You get the same kind of mishmash for every acrophonic or other
letter-based numerical system out there, including Greek letters
used as numerals and Hebrew letters used as numerals.
> and then for the kings of France, "Louis IX" (Saint Louis) precede
> "Louis V" and an hypothetic "Louis XIX" would have preceded "Louis XIV"!
No, the *string* "Louis IX" collates as less than the *string* "Louis V"
(either in binary order or in UCA collation order), but then the
*string* "Table 10" collates as less than the *string* "Table 5"

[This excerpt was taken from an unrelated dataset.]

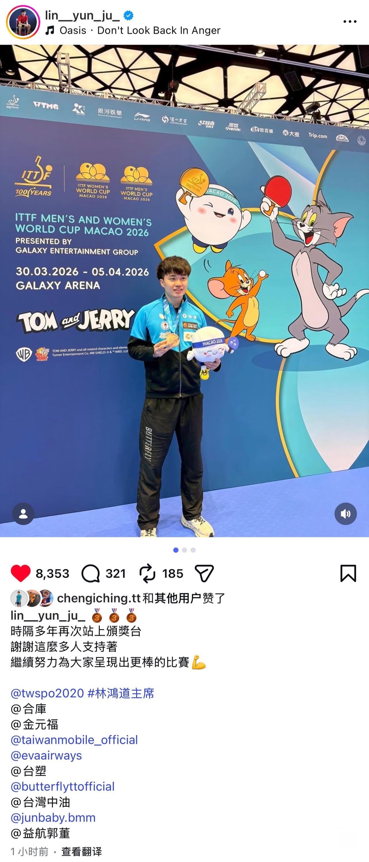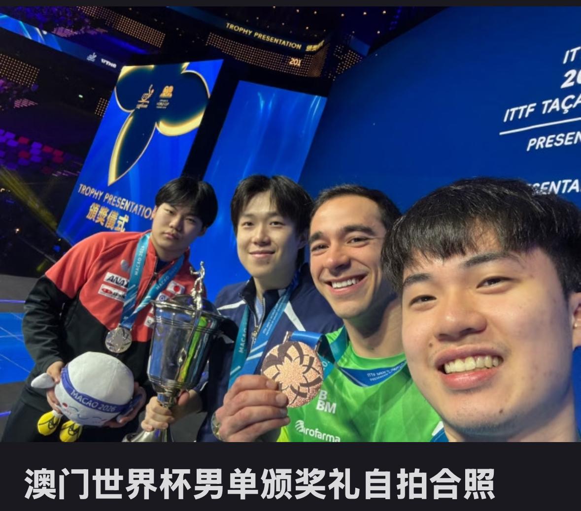 林昀儒更新,总结自己的澳门世界杯: 时隔多年, 再次站上领奖台, 谢谢这么多支持者, 继续努力💪, 为大家呈现出更棒的比赛! 林昀儒自拍又在搞怪🤪, 咋不把自己截全, 特别萌,恭喜林昀儒夺得铜牌! 林昀儒在这次世界杯表现出色, 涨球很多, 也就是说,2026年林昀儒 状态都很好, 开年的多哈冠军赛冠军🏆, 使林昀儒更自信! 如果不是半决赛遇到 状态爆棚的松岛辉空, 估计林昀儒的奖牌还换颜色……

(either in binary order or in UCA collation order), too. Such
problems of ordering of numerals embedded in text are not addressed
by a character encoding.
> I understand the restriction of use for compatibility, but I think that
> we really lack at least, the following figures necessaries to write
> every roman numeral:
>
> I, II, II, III, IV, V, VI, VII, VIII, IX, X, XL, L, XC, C, CM, M
>
> encoded each as a unique character in a continuous sequence, with
> corresponding numeric properties.
Not only would this fail to address the full scope of the problem
of numerals embedded in text (Roman or otherwise) -- it would just
further complicate the problem of representation of Roman numerals
in Unicode by putatively adding a *third* way to represent them.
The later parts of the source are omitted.